[Stored records]
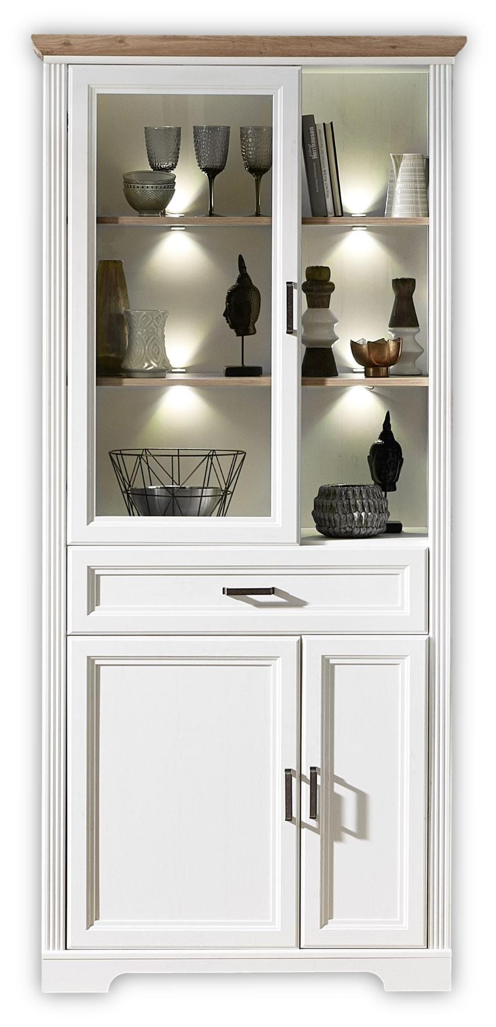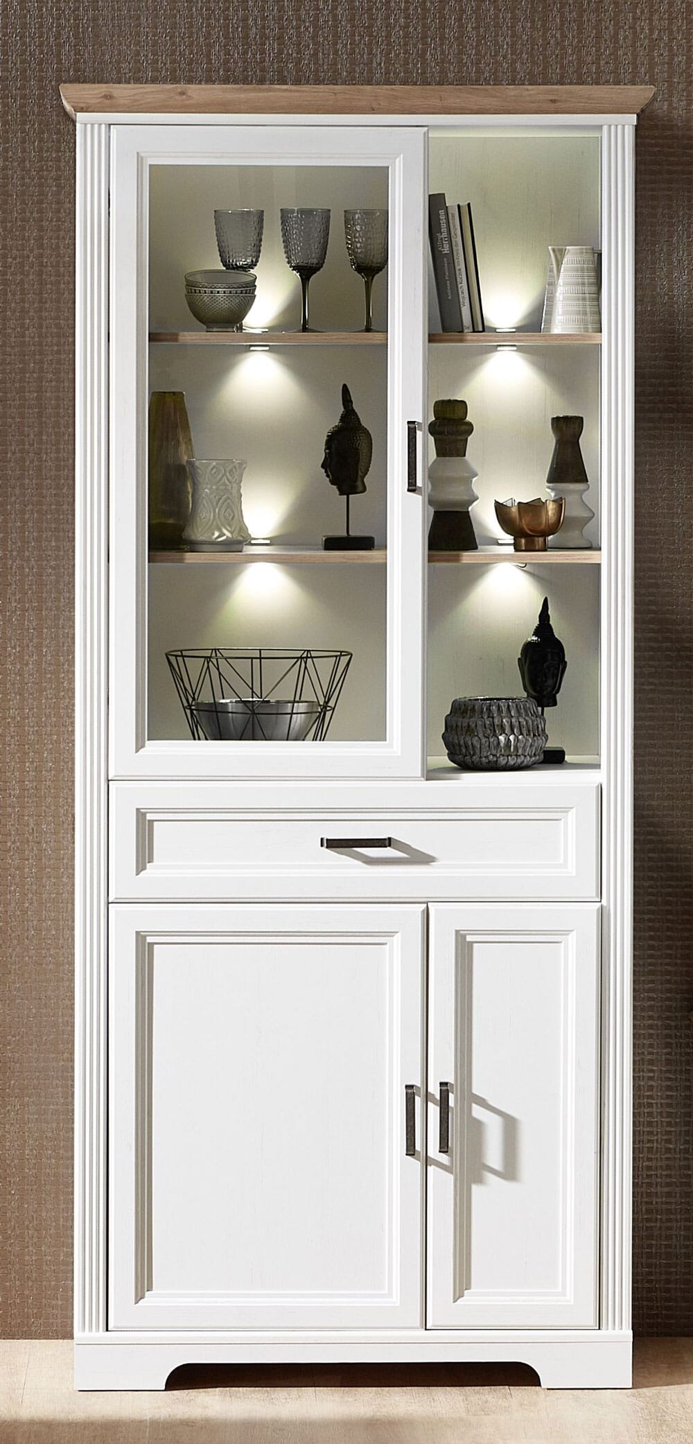 Landhaus Vitrine JASMIN 2-türig - Pinie weiß Nachbildung mit Beleuchtung
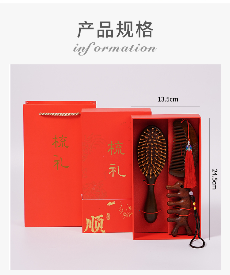 甜蜜点檀木梳子实用生日礼物女士实用伴手礼套装W5053
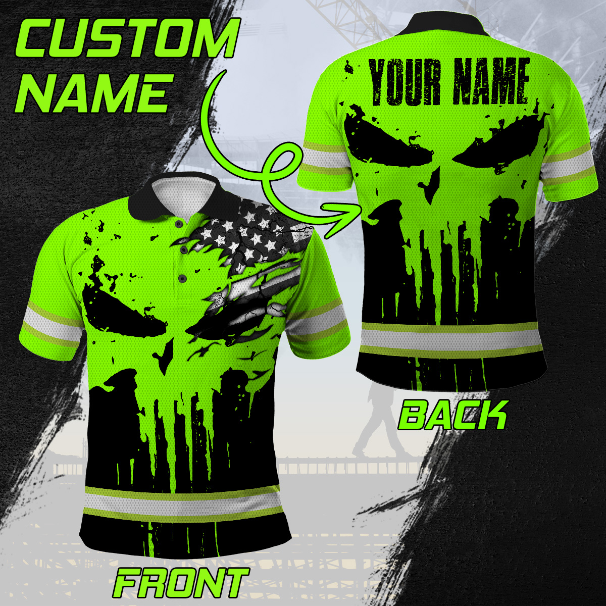 Be the first to review “Hi Vis Polo Shirt Reflective Skull Scratch America Flag Custom Name Safety Workwear”
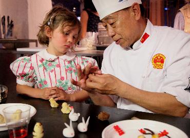 5月8日,在比利时布鲁塞尔美食节上,来自北京饭店的国家高级面点师王春耕向一个女孩演示造型面点的制作。
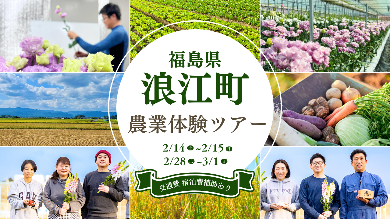 2月14日(土)〜15日(日)および2月28日(土)〜3月1日(日)に、浪江町の農業を、実際の現場で見て、聞いて、感じながら、これからの働き方や暮らし方を考える1泊2日の農業体験ツアーを開催します。 浪江町ならではの多様な農業のかたちに触れながら、「農業を仕事にすること」「地域で暮らすこと」を自分ごととして考えていきます。 現場を知り、人と出会い、話を聞くことで、これからの選択肢が少しずつ見えてくる、そんなきっかけになるツアーです。 ◯ 農業に興味はあるけれど、実際の現場を見たことがない ◯ 移住や就農に関心はあるが、まだ具体的ではない そんな方にも、安心してご参加いただける内容です。 少しでもご興味ある方はぜひご参加ください。 ※ツアーの詳細やお申込みにつきましては”詳しくはこちら”または下記URLからご確認ください。https://myfarm.co.jp/news/2602 _namiecho_nogyoutour/

Work order:
Every line above should be copied exactly, apart from any pictures.

Written solution:
 Landhaus Vitrine JASMIN 2-türig - Pinie weiß Nachbildung mit Beleuchtung
 甜蜜点檀木梳子实用生日礼物女士实用伴手礼套装W5053
 Be the first to review “Hi Vis Polo Shirt Reflective Skull Scratch America Flag Custom Name Safety Workwear”
 5月8日,在比利时布鲁塞尔美食节上,来自北京饭店的国家高级面点师王春耕向一个女孩演示造型面点的制作。
 2月14日(土)〜15日(日)および2月28日(土)〜3月1日(日)に、浪江町の農業を、実際の現場で見て、聞いて、感じながら、これからの働き方や暮らし方を考える1泊2日の農業体験ツアーを開催します。 浪江町ならではの多様な農業のかたちに触れながら、「農業を仕事にすること」「地域で暮らすこと」を自分ごととして考えていきます。 現場を知り、人と出会い、話を聞くことで、これからの選択肢が少しずつ見えてくる、そんなきっかけになるツアーです。 ◯ 農業に興味はあるけれど、実際の現場を見たことがない ◯ 移住や就農に関心はあるが、まだ具体的ではない そんな方にも、安心してご参加いただける内容です。 少しでもご興味ある方はぜひご参加ください。 ※ツアーの詳細やお申込みにつきましては”詳しくはこちら”または下記URLからご確認ください。https://myfarm.co.jp/news/2602 _namiecho_nogyoutour/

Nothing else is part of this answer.